- Work order -
Nothing outside the range is wanted. Repeat exactly the lines below from the one with "Coque iPhone 16" through the one with "宜昌市動植物研學(xué)基地配套停車場多測合一服務(wù)項目競爭性談判公告".

- Given records -
____

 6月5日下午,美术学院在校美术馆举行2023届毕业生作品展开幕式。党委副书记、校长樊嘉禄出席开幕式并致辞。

____

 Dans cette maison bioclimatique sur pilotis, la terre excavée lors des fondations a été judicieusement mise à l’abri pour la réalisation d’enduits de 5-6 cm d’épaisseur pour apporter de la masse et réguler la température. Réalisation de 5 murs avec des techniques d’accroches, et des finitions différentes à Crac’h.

____

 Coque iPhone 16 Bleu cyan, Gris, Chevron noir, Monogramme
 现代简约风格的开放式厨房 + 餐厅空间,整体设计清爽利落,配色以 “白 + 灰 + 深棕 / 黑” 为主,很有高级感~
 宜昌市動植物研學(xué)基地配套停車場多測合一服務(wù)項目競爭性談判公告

____

- Response to this task -
 Coque iPhone 16 Bleu cyan, Gris, Chevron noir, Monogramme
 现代简约风格的开放式厨房 + 餐厅空间,整体设计清爽利落,配色以 “白 + 灰 + 深棕 / 黑” 为主,很有高级感~
 宜昌市動植物研學(xué)基地配套停車場多測合一服務(wù)項目競爭性談判公告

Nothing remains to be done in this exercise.